In 2010, Mattinson left Chime to co-found BritainThinks (now Thinks Insight and Strategy), a consultancy firm that worked with a wide array of clients, including Abbott Laboratories, McDonald's, The CityUK, and Apetito. She continued her work at BritainThinks until she transitioned to full-time work with Keir Starmer's team.

===Charity work===
Mattinson has applied her political and business expertise to charitable causes. She has served as a trustee for several organizations, including the Dance Umbrella festival and the Green Alliance. Mattinson also chaired the Young Women's Trust (formerly YWCA) for two terms, where she led a major transformation program that included the recruitment of a new board and senior management team, streamlining services, and launching a new brand while returning the charity to financial stability after years of deficit.

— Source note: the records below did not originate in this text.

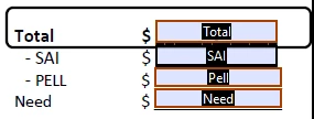 I need a javascript for Complex Calculation where Total + SAI + Pell = Need; but if SAI is a negative number, treat as zero. Can anyone please assist me?
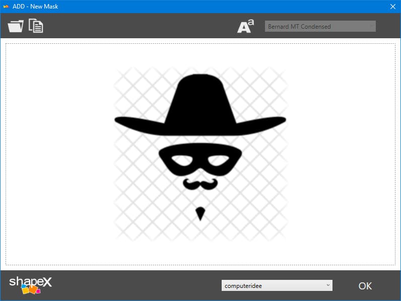 Het is ook mogelijk eigen collagemaskers toe te voegen. Klik links boven de collagebalk op het plusknopje, vul een rubrieksnaam in en bevestig met het vinkje. Open de rubriek en klik rechts boven de collagebalk op het plusknopje. Je kunt nu tekst intikken (tot tien letters) met een geschikt lettertype of via het mapicoon naar een afbeelding verwijzen, waarvan de contouren dan als masker zullen worden gebruikt.
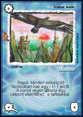 Kiadás: Alanori Krónika Gyakoriság: ritka Lapszín (isten): Elenios Típus: szörny Szöveg: Repül. Minden előkészítő fázisodban kap egy -1/-1 jelzőt. A köröd végén átkerül egy célpont ellenfélhez, a tartalékba. Illusztráció: Markó Gábor
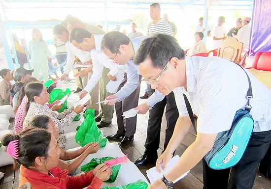 Chuyện đói khát của bà con kiều bào ở Kompong Chhnang cũng đã lan đến với người dân TPHCM và nhiều doanh nghiệp, nhà hảo tâm. Ủy ban Về người Việt Nam ở nước ngoài của TPHCM đã sang tận nơi thăm và tặng quà cho bà con. Tổng giá trị quà và tiền khoảng 1,325 tỷ đồng. Mỗi phần quà có 30kg gạo, một hộp sữa bột và 500.000 đồng. Việc mua gạo, sữa và vận chuyển đến nơi tặng quà trên vùng sông nước quả là bận rộn và có phần vất vả. “Tại sao không tặng tiền cho gọn nhẹ”, có người hỏi ban tổ chức. “Không được. Nếu tặng tiền không thôi, nhiều người sẽ đem… nhậu hết. Con cái họ sẽ vẫn đói, khát”, một người trong Tổng hội Người Campuchia gốc Việt tại Campuchia vui vẻ giải thích. Hàng trăm người già, trẻ, gái, trai, mỗi người đại diện cho một gia đình, ngồi xếp hàng trên chiếc bè của nhà sinh hoạt cộng đồng để ban tổ chức lần lượt trao tận tay quà tặng và tiền cho bà con. Do khâu tổ chức tốt, lực lượng tình nguyện tận tụy, nhanh nhẹn và một phần do bà con rất tự giác nên buổi phát quà kết thúc ngoài mong đợi của những người chủ trì.

Mattinson is also passionate about the theatre and served on the board and development board of the Theatre Royal Stratford East until 2021. She currently serves on an advisory board for the National Theatre.

===Recent roles and recognition===

After stepping down from her role with Keir Starmer's team following the election, Mattinson began providing consultancy services to the Progressive Policy Institute, a Washington, D.C.-based think tank, advising the Democratic Party in preparation for the U.S. election. She has since shared her insights and lessons learned with sister political parties in other countries.

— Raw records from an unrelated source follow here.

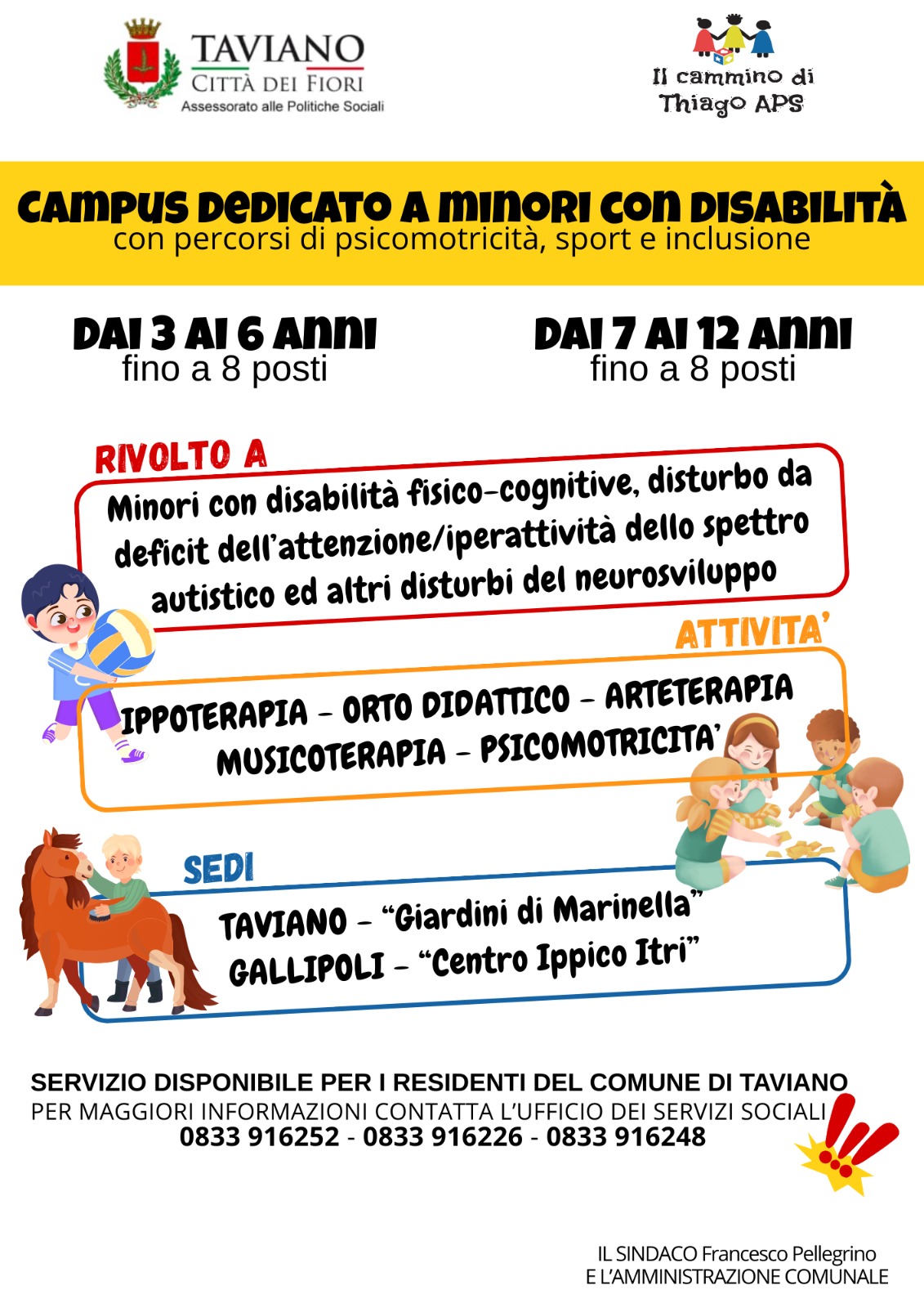 Il Comune di Taviano, ha attivato da diversi anni un Progetto di Psicomotricità, Sport e Inclusione che si rivolge a bambini e ragazzi affetti dal disturbo del neurosviluppo e dello spettro autistico che sono in condizioni di fragilità socio-economiche.
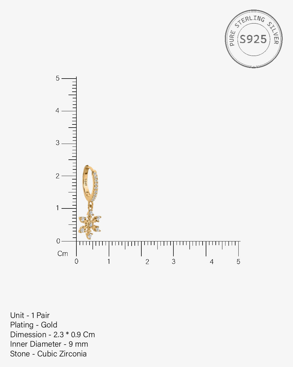 Elegant Minimal Snowflake Charm hoops in 92.5 silver with 14K gold plating, adorned with 5A+ zirconia stones. The subtle snowflake design adds sparkle and charm, ideal for stacking or special occasions.
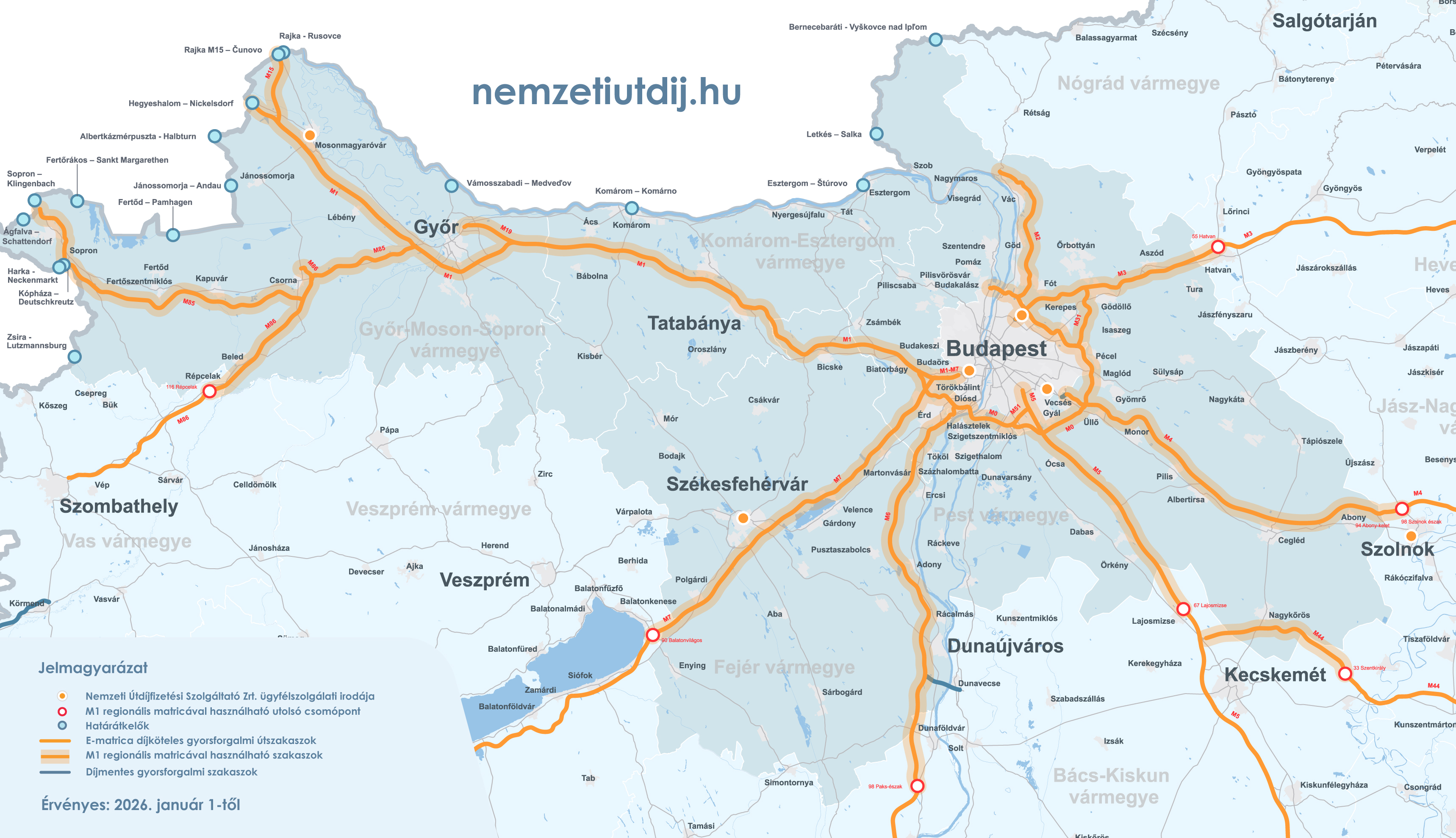 Autópálya-matrica: az M1-re vonatkozó regionális jegy négy vármegyére lesz érvényes!
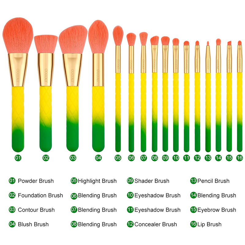 DOCOLOR PINEAPPLE 16 PIECES OF MAKEUP BRUSH SET
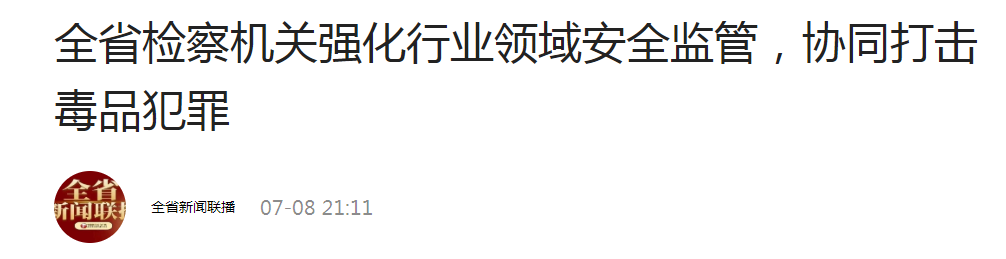 记者从省检察院了解到 我省检察机关积极能动履职,加强与相关部门协作配合,强化监管、堵塞漏洞,依法严厉惩治毒品犯罪,产生了积极良好的法律效果、社会效果。安徽台记者王昕报道:
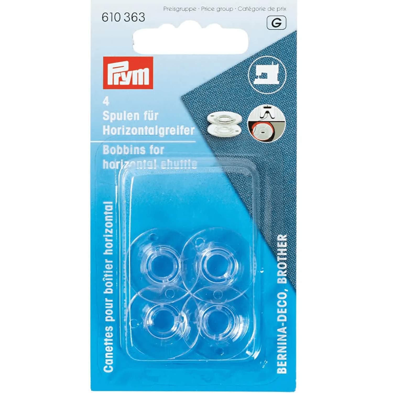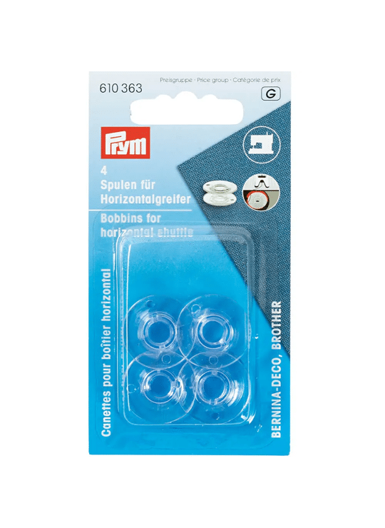 Deze naaimachinespoelen van Prym zijn gemaakt van transparant kunststof. Ze zijn 9,2mm hoog en 21,2mm breed en zijn geschikt voor onder andere Bernina Deco en Brother Star naaimachines. Door het doorzichtige materiaal houdt u een goed overzicht van de garenkleur en de resterende hoeveelheid garen op de spoel.
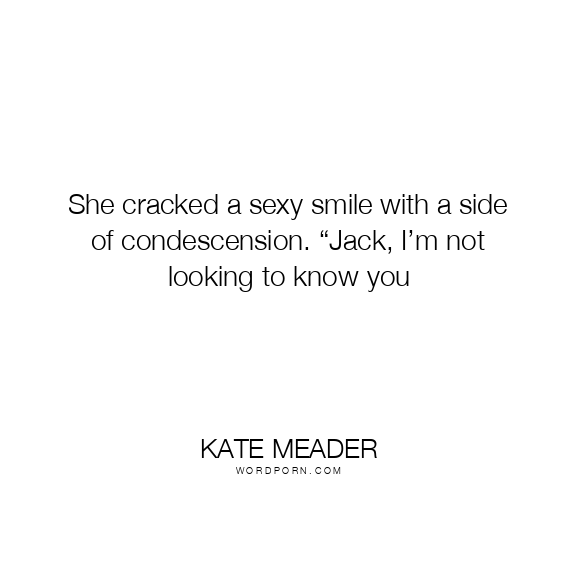 She cracked a sexy smile with a side of condescension. “Jack, I’m not looking to know you

In December 2024, Mattinson was nominated for a life peerage by Prime Minister Keir Starmer as part of the 2024 Political Peerages. She was created Baroness Mattinson, of Darlington in the County of Durham on 3 February 2025 and introduced to the House of Lords on 27 February 2025.

In January 2026, Deborah was appointed President of the Market Research Society and, in February of the same year, she was appointed an Honorary Professor at King's College London.

==Personal life==

Mattinson married David Pelly in 1989, and the couple has three children.